"I Am Your Mother."

The transforming message of Guadalupe.

Guadalupe offers love and reconciliationOut of all the devastation the Indians faced, Guadalupe says to Juan Diego, “I’d like you to build me a casita here so that I may show forth my love, my hope, my compassion, my defense of you, to all of you, to all the inhabitants of this land, to all of you who call upon me, love me, and trust me. I hear your devastation and your suffering and your pain, and I will respond.” She tells him, “I am your mother who will love, help, defend, and protect you.”

And to whom does she say it? She doesn’t say it only to the Spaniards or to the Indians, but she says it to all the inhabitants of the land. Although the world may reject us, God gives us a place in the world.

For some Latinos, the Guadalupe story is the lifeline to their culture, their homeland.

Marian devotion on the part of Latinos is reciprocal. They’re sympathetic because she lost her son, and they know she understands what it’s like to lose a son, maybe not on the cross, but to drugs, to poverty, to violence, to illiteracy.

Guadalupe resurrects a notion of a more loving, an unconditionally accepting God. Guadalupe’s message is so transformative because it’s so accessible. How could you not respond to someone who offers you love, compassion, and help—when someone promises you that they’re going to be there to hear your sorrows and pains?
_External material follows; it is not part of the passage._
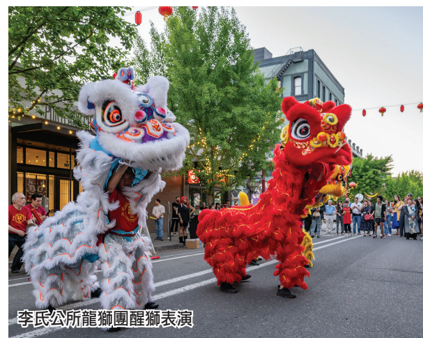
李氏公所龍獅團醒獅表演。

She resurrects that unconditional love of God. Her presence among the poor once again reminds us of the original intent of the biblical God of liberation and the message of Jesus. She was able to reconcile the Spaniards and the Indians, two groups of people that had absolutely nothing in common and could not come together. Looking at contemporary situations of conflict, can she still play the role of reconciler personally and physically for those of us who struggle with not being one or the other?

—Excerpted from U.S. Catholic magazine

Your turn:

  • How can you be a reconciler?
  • Have you ever felt rejected because of your class, race, or origin?

United in faith

Felicity was not an opportunist. She was the servant of Perpetua, a young rich woman in Carthage. The church celebrates them together as saints at the same level. Society separated them because of their different class, but in faith and in death, and in the memory of Christians, they are forever united. When they were both preparing for Baptism, they were arrested and thrown to the lions. They died in 203 A.D.

  • Have you ever been separated or alienated from other people because of social status?